### ACTIVITY
All entries are to be quoted exactly; the images stay out of the copy.

### SUPPLIED DATA
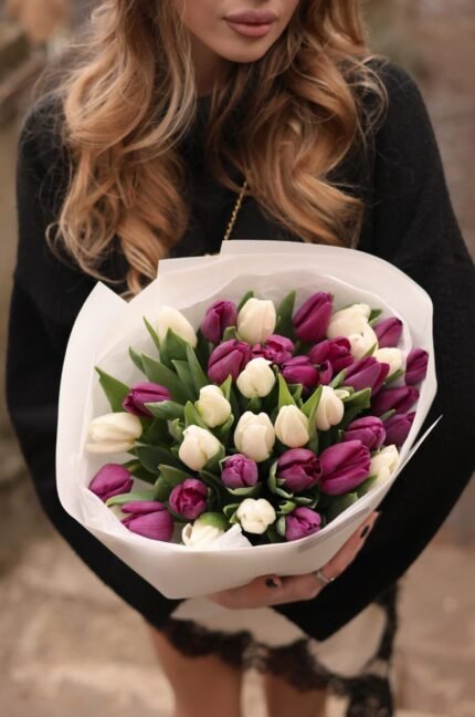 Букет зі 101 піоновидного тюльпана дабл прайс
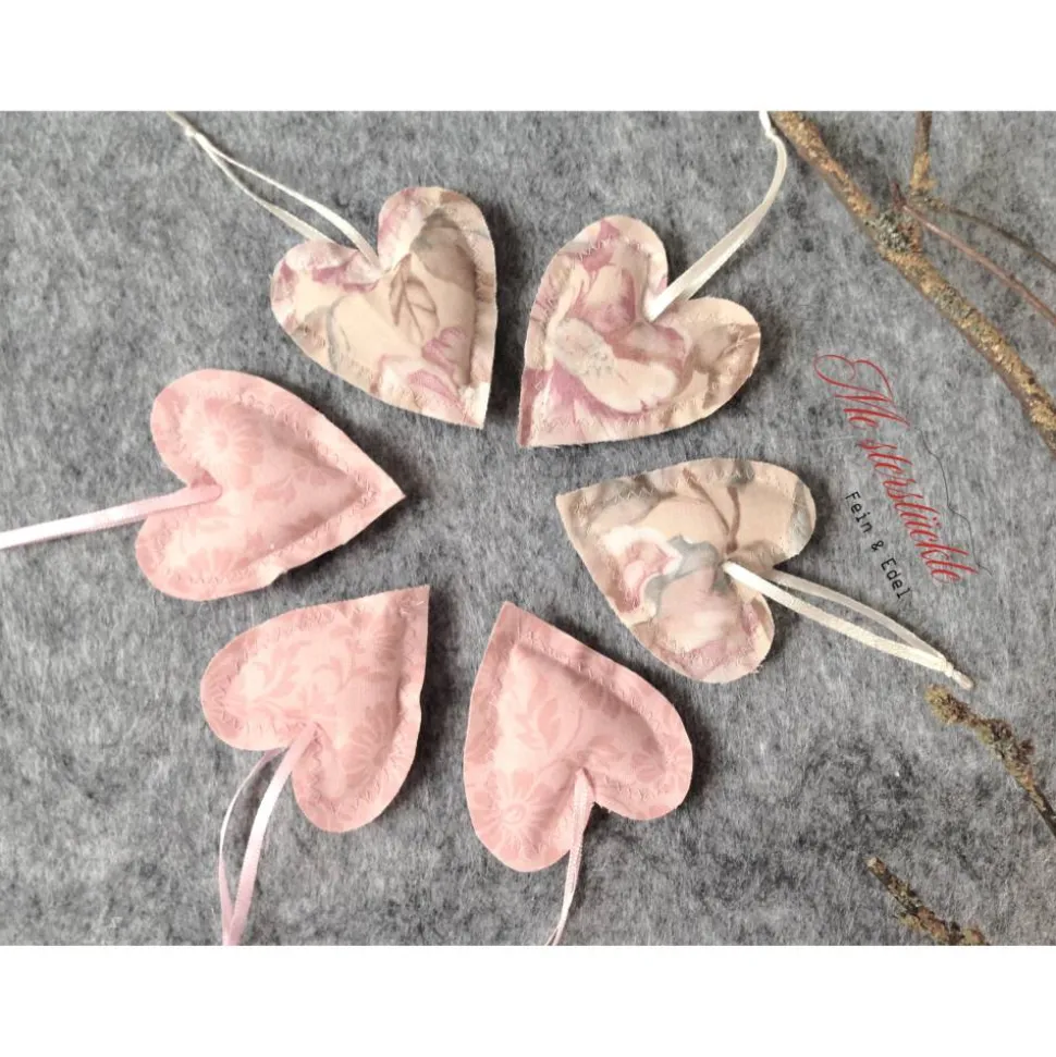 * 6-er Set (3x rosé / 3x beige mit Blumenmotiv) kleine Stoffherzchen zur Deko, Herzanhänger, Dekohänger
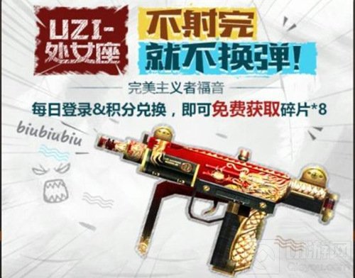 自9月2日到9月18日,每日登陆即送永久星座级武器【UZI-处女座】武器碎片3个!集齐60个即可获得完整武器!
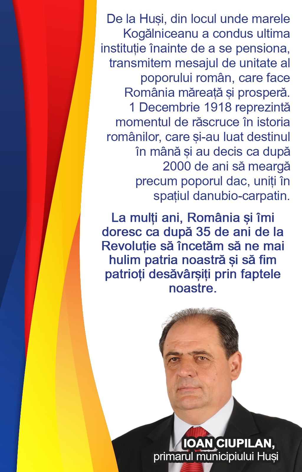 A.T.: Nu avem voie să transformăm Ziua Națională a României într-un pretext de arborare a unor mesaje anuale, de multe ori exacerbate și prea puțin trăite. Ceea ce vreau să le transmit eu cititorilor dvs. este să-și manifeste patriotismul în fiecare zi, prin activitatea lor, prin principiile lor de viață, prin hărnicia și echilibrul lor. A fi patriot înseamnă, după părerea mea, să îți faci datoria cum poți mai bine, la locul tău de muncă, în familia ta, în comunitatea ta. A fi patriot înseamnă să-ți cunoști trecutul suficient de bine încât să nu-i repeți greșelile și să-i prețuiești sacrificiul. Doresc tuturor o Zi Națională cu bucurie și înțelepciune. LA MULȚI ANI, ROMÂNI!
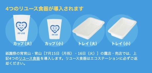 その後、露天商組合とつながりができて協力が得られるようになり、祇園祭でのごみ削減を目指し、リユース食器の利用が進められていった。
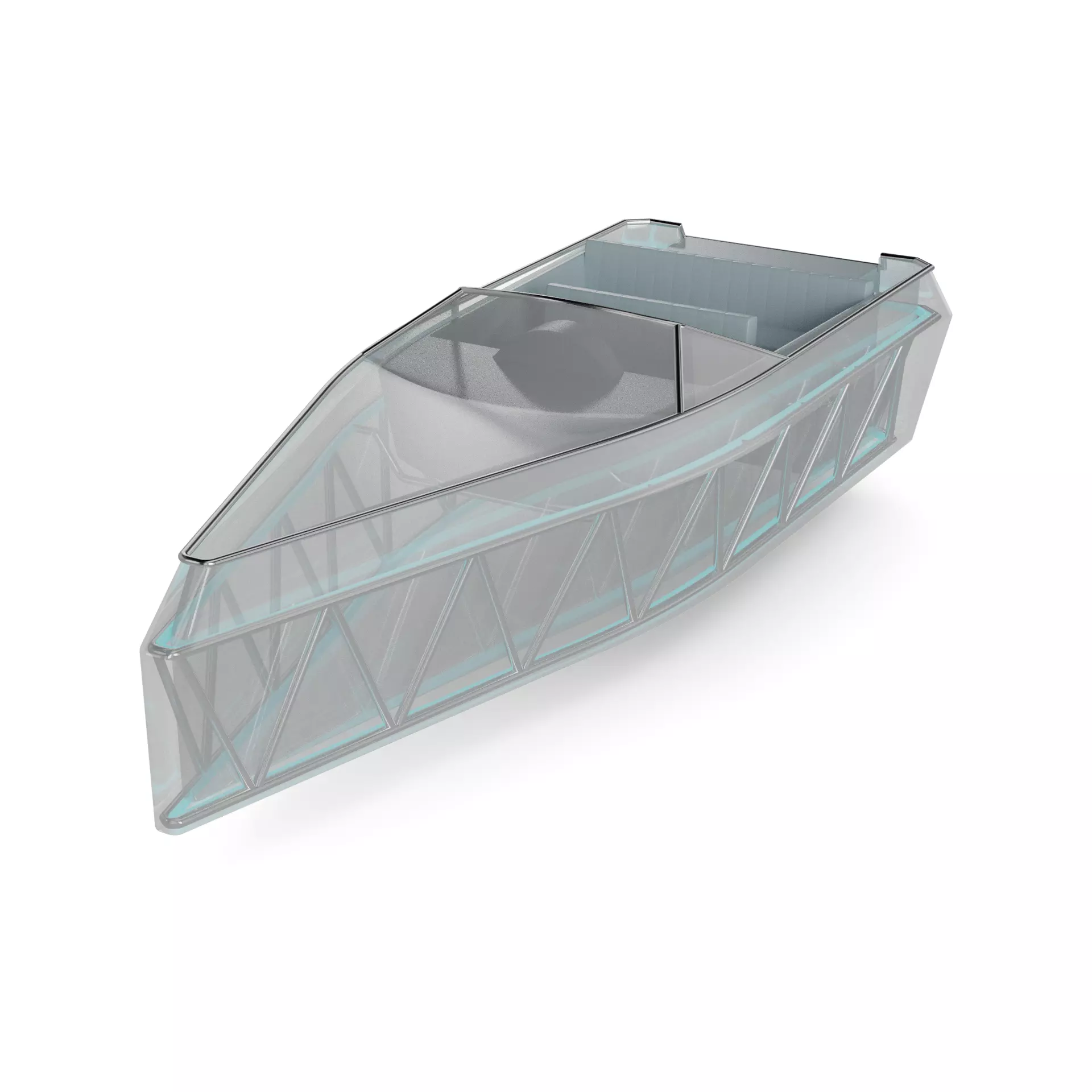 A sleek, futuristic rowboat made of transparent material, allowing a clear view of the water below, with neon blue lights running along the edges, giving it a high-tech appearance.
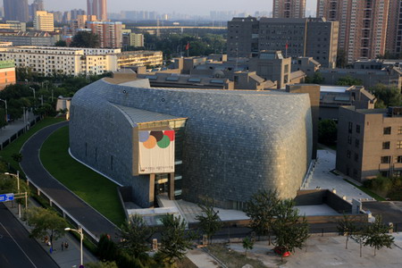新美术馆于2008年3月竣工,位于中央美院校园内,是中国最具现代化标准的美术展览馆之一。美术馆建筑呈微微扭转的三维曲面体,天然岩板幕墙,配以最现代性的类雕塑建筑,展现中央美术学院内敛低调的特质,同时也与校园内吴良镛先生设计的深灰色彩院落式布局的建筑物充分融合及协调。美术馆总面积为14777平方米,地上四层,地下二层,局部地下一层。展览及陈列面积共4150平方米,其中二层为固定陈列展,展示古代书画和美院资深教授的赠画藏品,以及当今美院在籍教授的作品;企划展厅设置在三层及四层,均为天光围幕的敞开式现代化展厅。三层11米高的展厅可为当代艺术展览提供充分的展示空间。美术馆藏品库房位于地下二层,1120平方米,采用国际最新信息技术和数字化管理,在软硬件方面均可达到国际水准。公共服务设施主要位于一层,其中报告厅可容纳380人,为学术研讨、专题讲座及新闻发布会等提供了便利场所。其他公共服务设施还有服务台、咖啡厅、书店等。
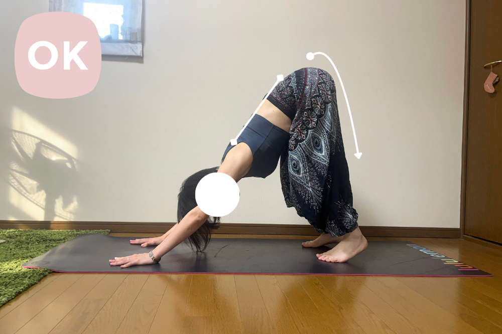 このポーズは、犬が前足を伸ばしてお尻を突き上げるように伸びをしている姿に似ていることから、「下を向いた犬のポーズ」と呼ばれるようになりました。

### COMPLETED EXERCISE
 Букет зі 101 піоновидного тюльпана дабл прайс
 * 6-er Set (3x rosé / 3x beige mit Blumenmotiv) kleine Stoffherzchen zur Deko, Herzanhänger, Dekohänger
 自9月2日到9月18日,每日登陆即送永久星座级武器【UZI-处女座】武器碎片3个!集齐60个即可获得完整武器!
 A.T.: Nu avem voie să transformăm Ziua Națională a României într-un pretext de arborare a unor mesaje anuale, de multe ori exacerbate și prea puțin trăite. Ceea ce vreau să le transmit eu cititorilor dvs. este să-și manifeste patriotismul în fiecare zi, prin activitatea lor, prin principiile lor de viață, prin hărnicia și echilibrul lor. A fi patriot înseamnă, după părerea mea, să îți faci datoria cum poți mai bine, la locul tău de muncă, în familia ta, în comunitatea ta. A fi patriot înseamnă să-ți cunoști trecutul suficient de bine încât să nu-i repeți greșelile și să-i prețuiești sacrificiul. Doresc tuturor o Zi Națională cu bucurie și înțelepciune. LA MULȚI ANI, ROMÂNI!
 その後、露天商組合とつながりができて協力が得られるようになり、祇園祭でのごみ削減を目指し、リユース食器の利用が進められていった。
 A sleek, futuristic rowboat made of transparent material, allowing a clear view of the water below, with neon blue lights running along the edges, giving it a high-tech appearance.
新美术馆于2008年3月竣工,位于中央美院校园内,是中国最具现代化标准的美术展览馆之一。美术馆建筑呈微微扭转的三维曲面体,天然岩板幕墙,配以最现代性的类雕塑建筑,展现中央美术学院内敛低调的特质,同时也与校园内吴良镛先生设计的深灰色彩院落式布局的建筑物充分融合及协调。美术馆总面积为14777平方米,地上四层,地下二层,局部地下一层。展览及陈列面积共4150平方米,其中二层为固定陈列展,展示古代书画和美院资深教授的赠画藏品,以及当今美院在籍教授的作品;企划展厅设置在三层及四层,均为天光围幕的敞开式现代化展厅。三层11米高的展厅可为当代艺术展览提供充分的展示空间。美术馆藏品库房位于地下二层,1120平方米,采用国际最新信息技术和数字化管理,在软硬件方面均可达到国际水准。公共服务设施主要位于一层,其中报告厅可容纳380人,为学术研讨、专题讲座及新闻发布会等提供了便利场所。其他公共服务设施还有服务台、咖啡厅、书店等。
 このポーズは、犬が前足を伸ばしてお尻を突き上げるように伸びをしている姿に似ていることから、「下を向いた犬のポーズ」と呼ばれるようになりました。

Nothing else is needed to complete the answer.